Records drawn from a dataset:
····················
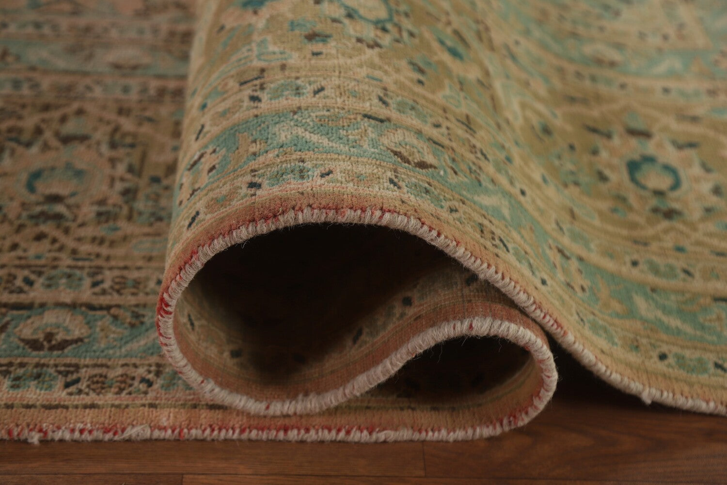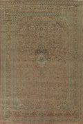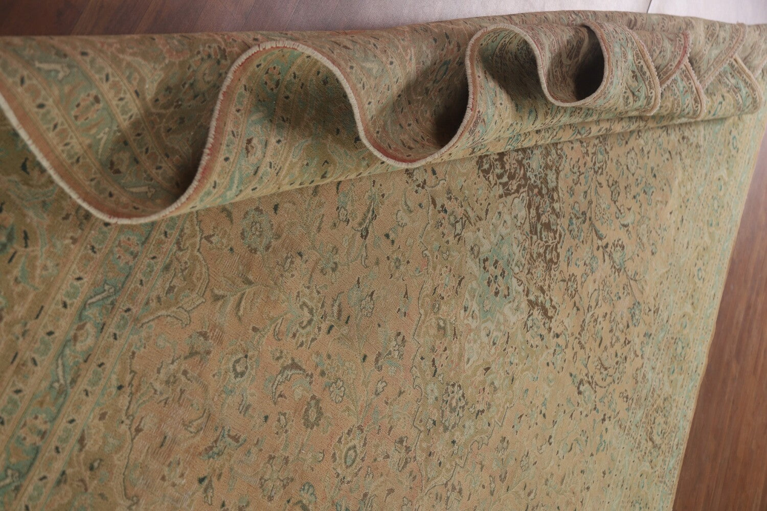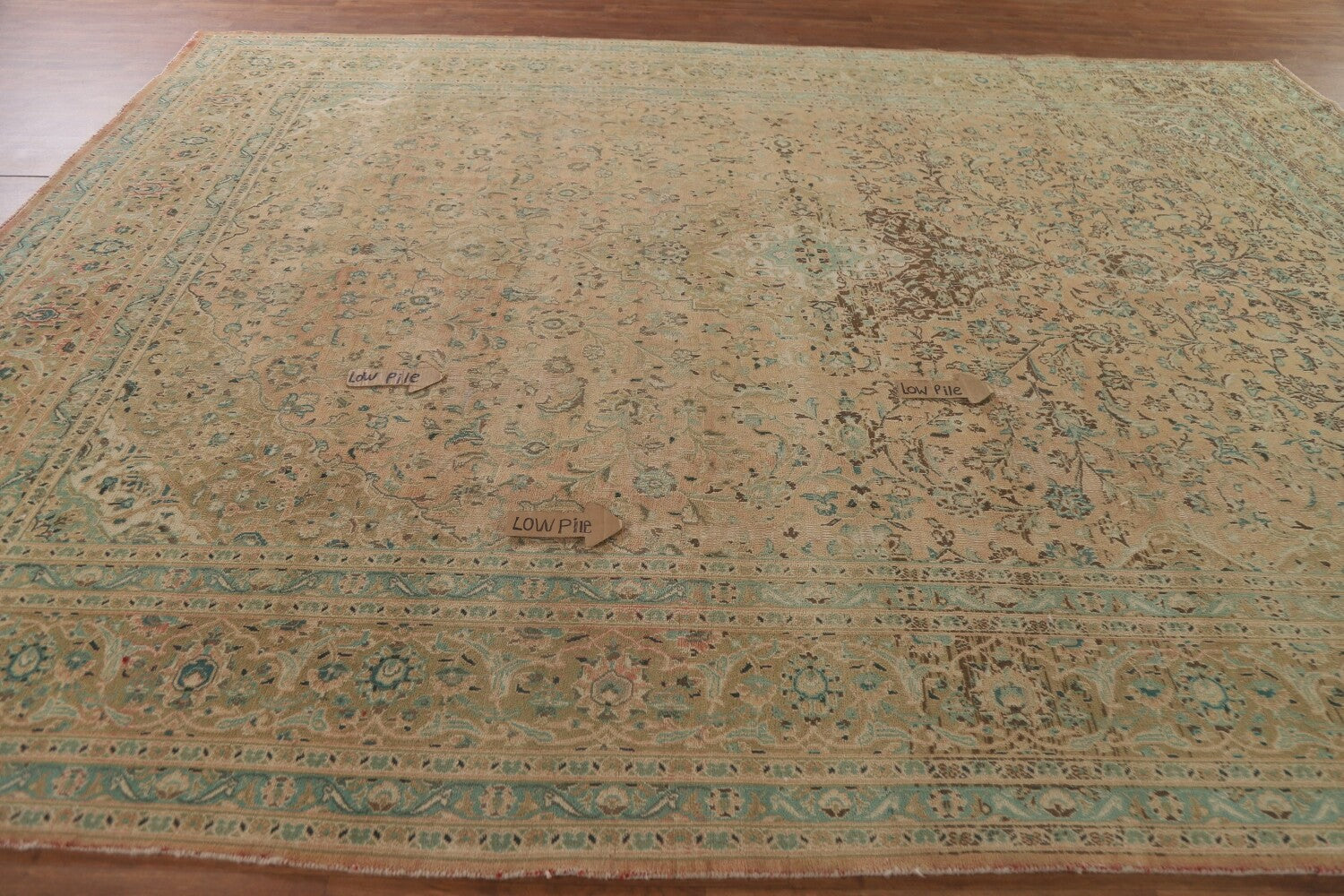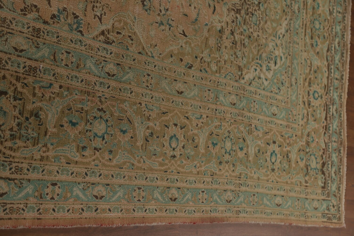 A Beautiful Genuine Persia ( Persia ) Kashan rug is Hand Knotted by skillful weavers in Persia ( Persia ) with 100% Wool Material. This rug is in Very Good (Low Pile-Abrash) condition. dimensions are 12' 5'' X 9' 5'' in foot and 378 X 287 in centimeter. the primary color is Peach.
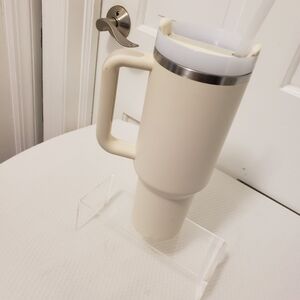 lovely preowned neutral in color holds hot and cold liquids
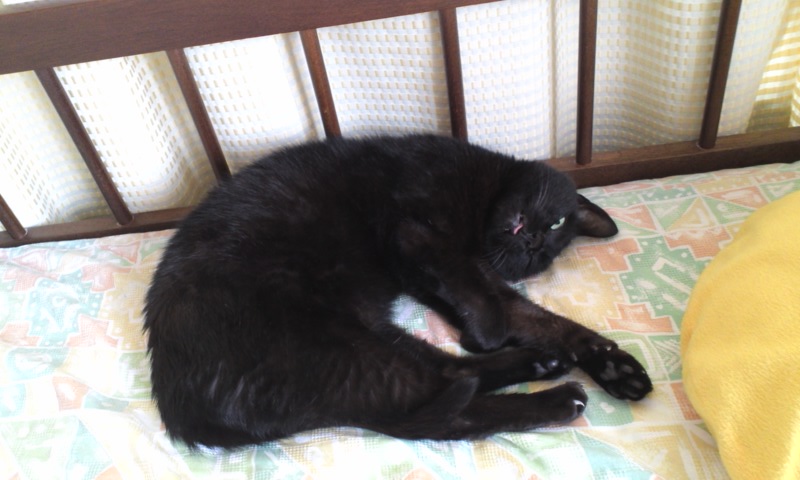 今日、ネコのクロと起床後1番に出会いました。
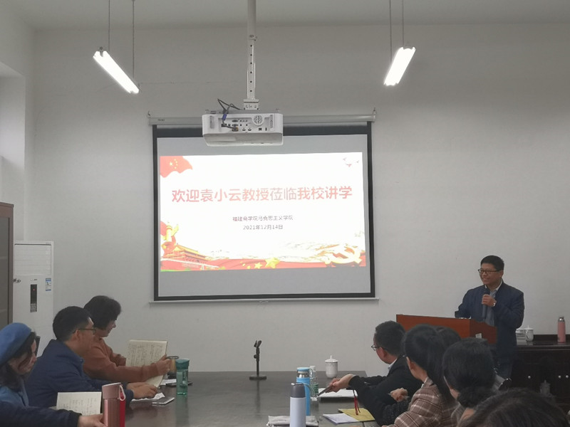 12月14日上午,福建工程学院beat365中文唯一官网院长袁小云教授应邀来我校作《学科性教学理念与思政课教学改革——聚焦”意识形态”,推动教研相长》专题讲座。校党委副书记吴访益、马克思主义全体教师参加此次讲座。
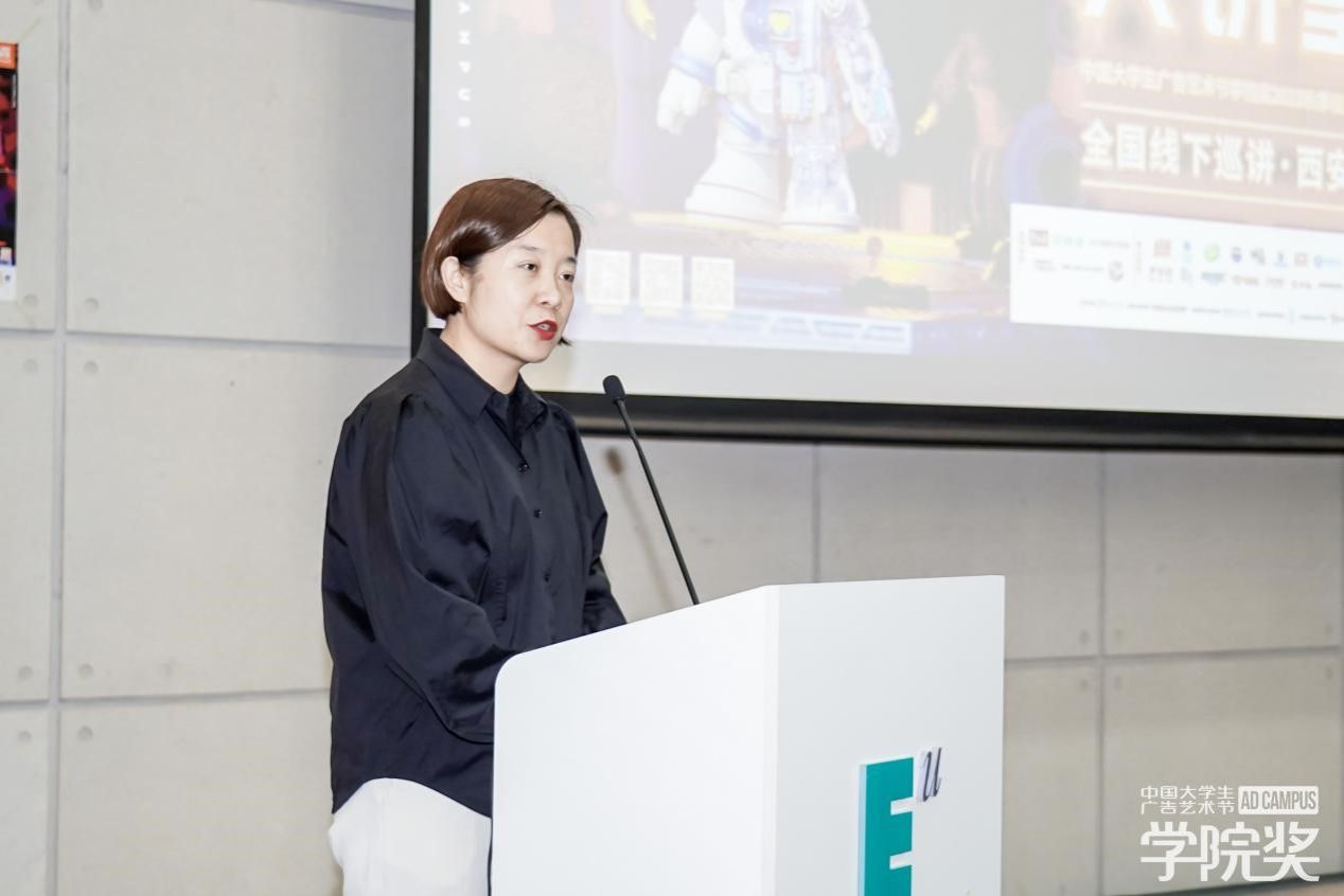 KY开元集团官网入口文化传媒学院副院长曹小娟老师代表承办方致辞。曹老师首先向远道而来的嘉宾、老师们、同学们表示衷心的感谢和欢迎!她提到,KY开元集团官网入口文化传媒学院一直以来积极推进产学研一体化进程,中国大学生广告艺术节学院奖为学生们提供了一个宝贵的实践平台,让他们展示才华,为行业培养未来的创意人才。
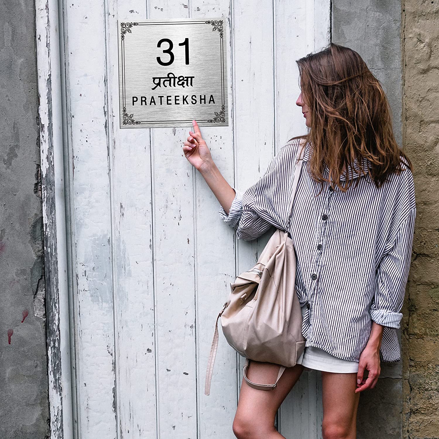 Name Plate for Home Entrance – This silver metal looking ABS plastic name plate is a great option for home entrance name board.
····················
_What is expected_
The answer should be the records above, unchanged, with the pictures omitted.

_Result_
 A Beautiful Genuine Persia ( Persia ) Kashan rug is Hand Knotted by skillful weavers in Persia ( Persia ) with 100% Wool Material. This rug is in Very Good (Low Pile-Abrash) condition. dimensions are 12' 5'' X 9' 5'' in foot and 378 X 287 in centimeter. the primary color is Peach.
 lovely preowned neutral in color holds hot and cold liquids
 今日、ネコのクロと起床後1番に出会いました。
 12月14日上午,福建工程学院beat365中文唯一官网院长袁小云教授应邀来我校作《学科性教学理念与思政课教学改革——聚焦”意识形态”,推动教研相长》专题讲座。校党委副书记吴访益、马克思主义全体教师参加此次讲座。
 KY开元集团官网入口文化传媒学院副院长曹小娟老师代表承办方致辞。曹老师首先向远道而来的嘉宾、老师们、同学们表示衷心的感谢和欢迎!她提到,KY开元集团官网入口文化传媒学院一直以来积极推进产学研一体化进程,中国大学生广告艺术节学院奖为学生们提供了一个宝贵的实践平台,让他们展示才华,为行业培养未来的创意人才。
 Name Plate for Home Entrance – This silver metal looking ABS plastic name plate is a great option for home entrance name board.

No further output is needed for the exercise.